DON'T get in that hot tub again!
The "very small" shock was due to high impedance between you and the current. Impedance is extremely luck-based. Someone getting out of the pool might splash water where it had not been before, now the impedance is much lower and that "small" shock puts you in a wheelchair.
Hot tub miswiring is so common it's legendary. RCDs do not protect you from all wiring errors.
Don't get in the hot tub again until you positively find the cause and remove it.
8ma vs 30ma protection
RCDs also do not protect you from shock, necessarily. In Europe, RCDs have been used for a long time, and for a different reason - protecting houses from fires, not protecting humans from shock. Also, since they use whole-house RCDs, they must use a higher (more permissive) threshold, otherwise small leaks from many appliances will "stack" to cause nuisance trips. So whole-house protection is typically 30ma threshold.

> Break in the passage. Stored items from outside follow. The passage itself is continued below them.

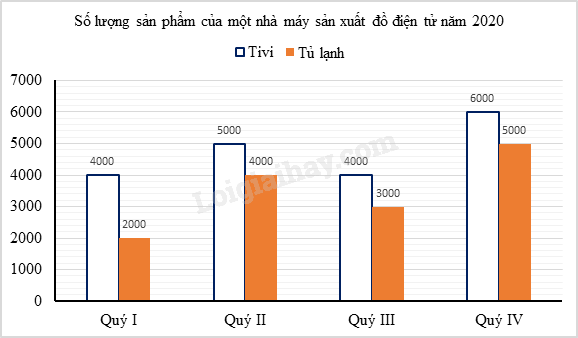 Số lượng sản xuất sản phẩm của một nhà máy đồ điện tử trong năm 2020 được cho bởi biểu đồ sau:
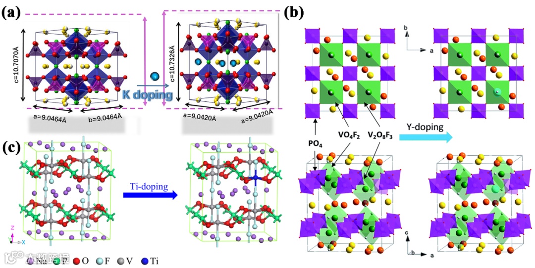 图四:(a) K+,(b) Y3+,(c) Ti2+掺杂的NVPF晶体结构示意图。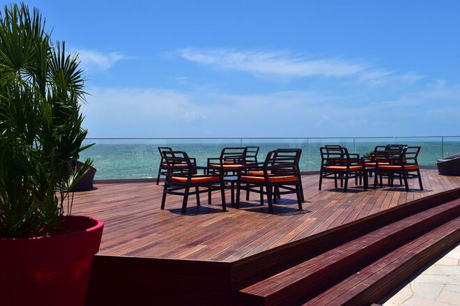 De salientar ainda, no piso inferior, a piscina e o Ocean Bar, também ele totalmente inovador, apresentando o novo conceito de mercearia e pastelaria (grab & go). Com este sistema os hóspedes pedem e levam no momento as suas refeições de volta para o quarto, piscina ou praia.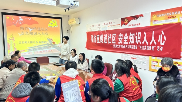 进一步筑牢老年人防诈骗安全屏障,帮助老年人提升防骗拒诈意识和能力,11月17日下午,江西师大pg电子 团委汪俊杰老师带着紫云志愿者协会十余名学生志愿者来到新魏路社区新时代文明实践站,与社区工作者、社区爷爷奶奶一起,开展“校家社零距离”共建新时代文明实践站社会实践课堂活动。活动围绕“防诈宣传进社区 安全知识入人心”主题开展,结合常见的养老诈骗手段,向老年人宣传常见的养老诈骗及防范措施。

Whereas in the US, GFCI is specifically for human safety, and it is 6ma or 8ma. This is too sensitive for a whole house, so it is applied circuit by circuit on circuits where it is helpful. (near sinks).

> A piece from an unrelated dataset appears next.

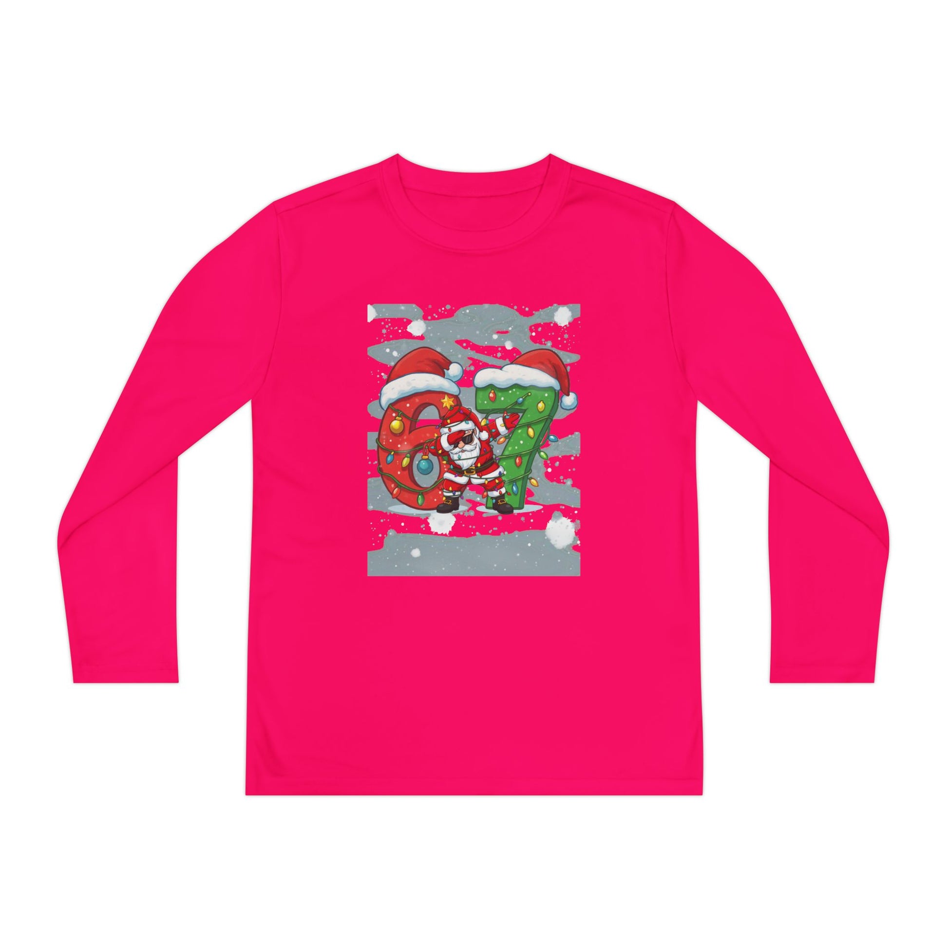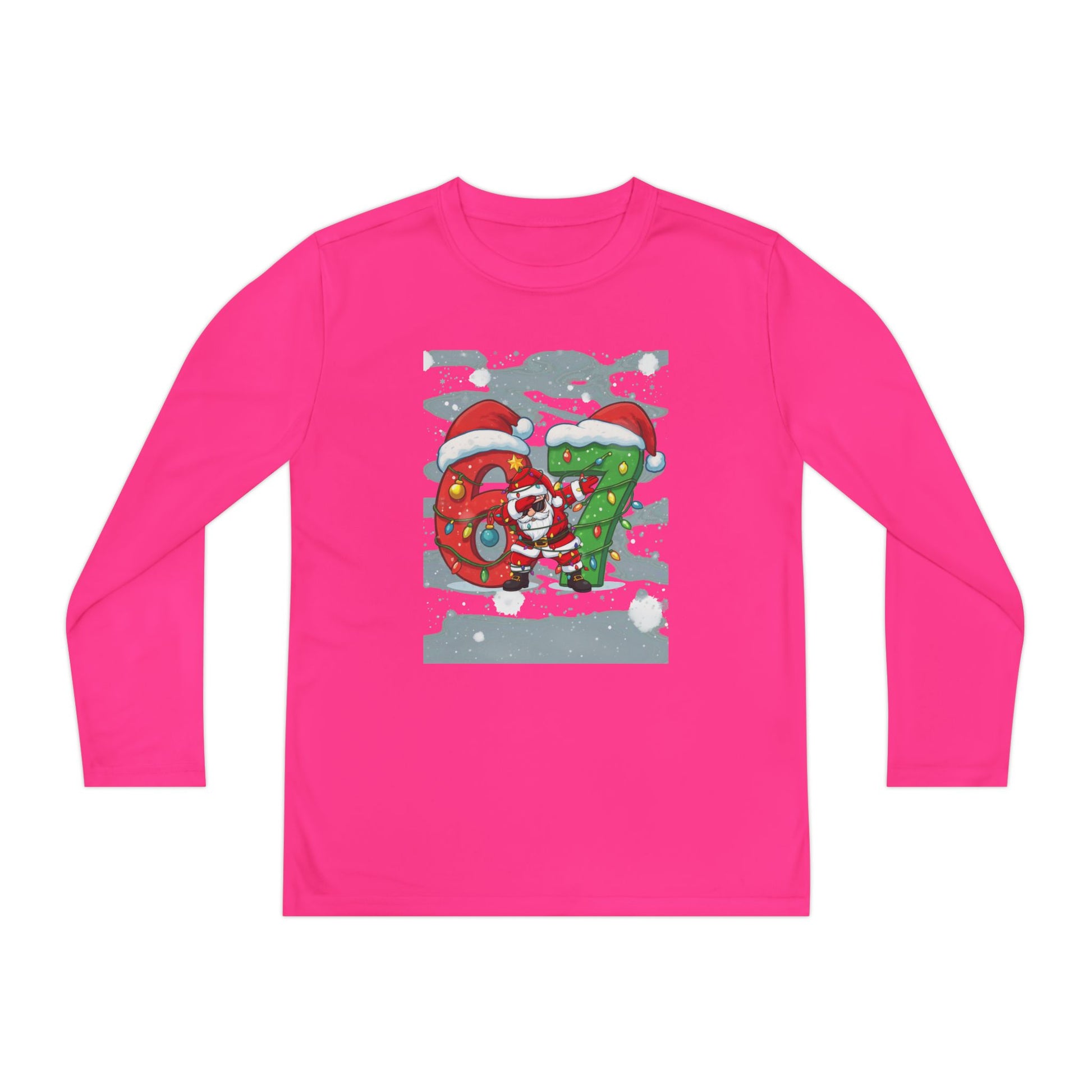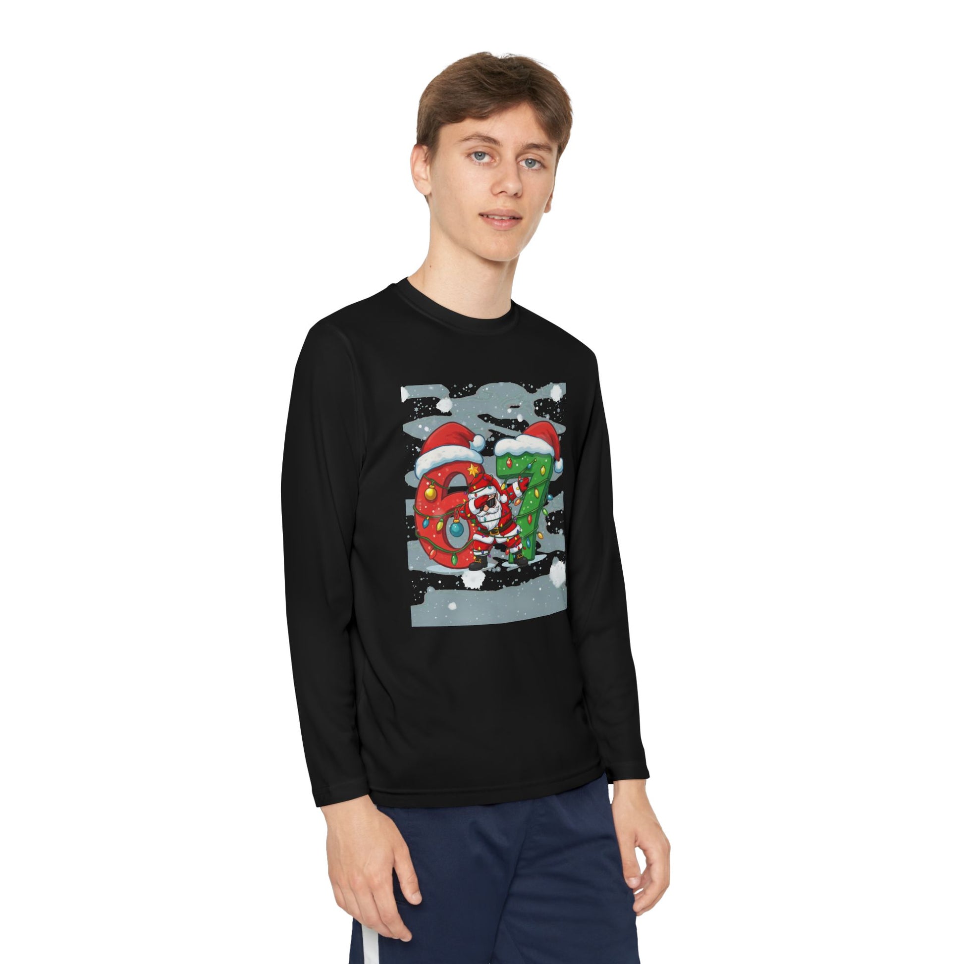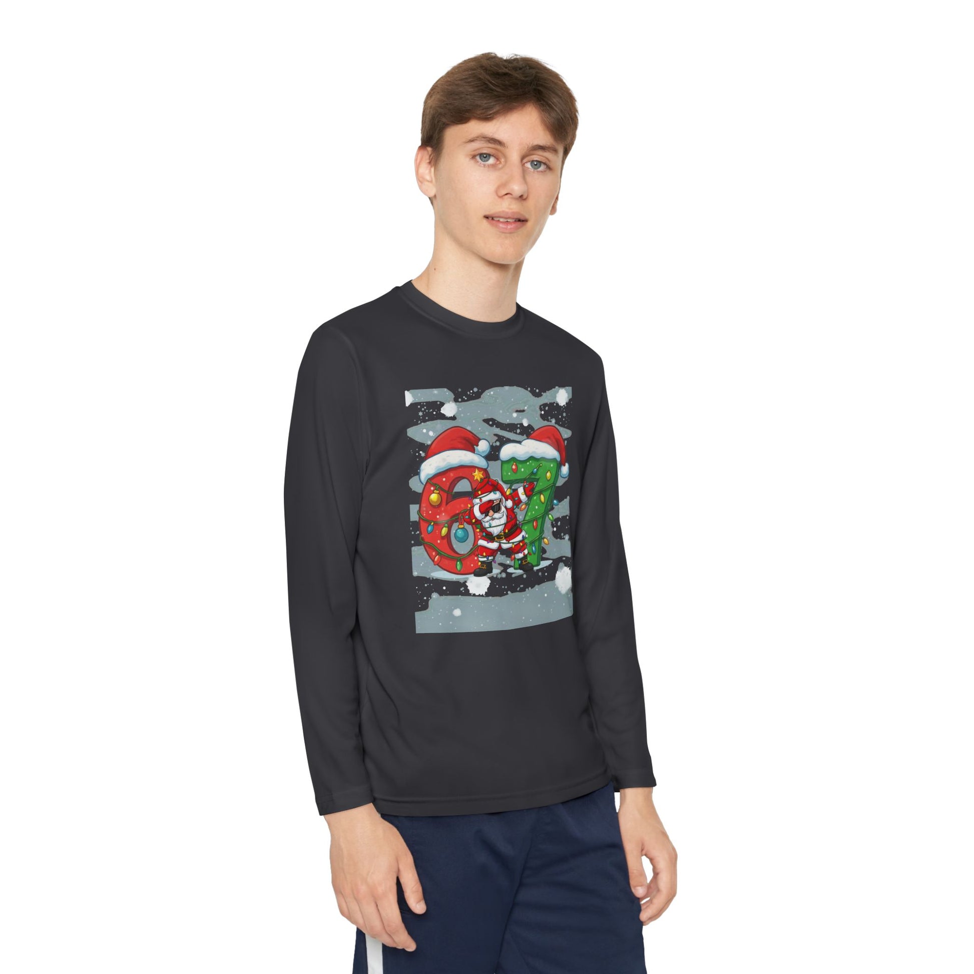 Soft, lightweight long sleeve made for active kids who want to move, play, and celebrate the season. The breathable polyester locks in shape and pulls moisture away so little athletes stay cool and comfortable during games, practices, or playground adventures. A festive DTF print adds cheerful holiday character without weighing the shirt down. With an athletic cut and tear-away label, this top sits close to the body for easy layering under jackets or over base layers — a practical pick for chilly mornings, winter rehearsals, or cozy family outings.

Your whole-house RCD would need to be 30ma, which is not enough for life-safety protection. It's less likely to outright kill you, but it's plenty enough to stun you - and when you are in water, being stunned means drowning.
Your hot tub should indeed have its own RCD, at the 6-8ma sensitivity level. However if you walk into a store and buy any random RCD, it's quite possible you'll find yourself holding a 30ma one. Perhaps your hot tub installer did exactly that.
RCDs do fail
I.E. they stop properly detecting ground faults. That's why the device has a "TEST" button. Use it.
It may be miswired to bypass the RCD
In fact, this is likely if the hot tub installer hit a situation where the RCD tripped when he hooked it up correctly. The RCD would trip when hooked up correctly, if the hot tub had a ground fault. Typical installer move is to jury-rig it any method that will work, then get paid.
This can also happen with amateur installers. They typically refuse to learn how to do the job properly (because that takes time learning about subjects they just don't care about), and simply "try random combinations" until one works. Many will work and also kill you. This might be one of those.
If the hot tub has a ground fault, fix it - seriously
Sometimes RCDs trip because the downline device is connected correctly, but actually does have a ground fault. This tends to surprise the heck out of people, they are in full disbelief -- "MY appliance has a ground fault? This cannot be!" (even they know nothing about ground faults).
I've seen people replace RCDs twice simply because they cannot believe they actually have a ground fault. And of course they feel totally justified in bypassing safety protection altogether.
So don't be in denial about that. There is a real possibility that the hot tub has a ground fault. If so, fix it.
It might not even be the hot tub
There's an outside chance this shock is entirely unrelated to the hot tub. It's possible the dangerous voltage is being sourced from some other thing in your yard, and the hot tub is correctly providing grounding, thus completing the circuit. If so, the cure is a thorough search of your house's electrical system for any defects. And if neighbors are close, you may need to bring out someone to test for problems coming from them.
In any case, this is nothing to trifle with.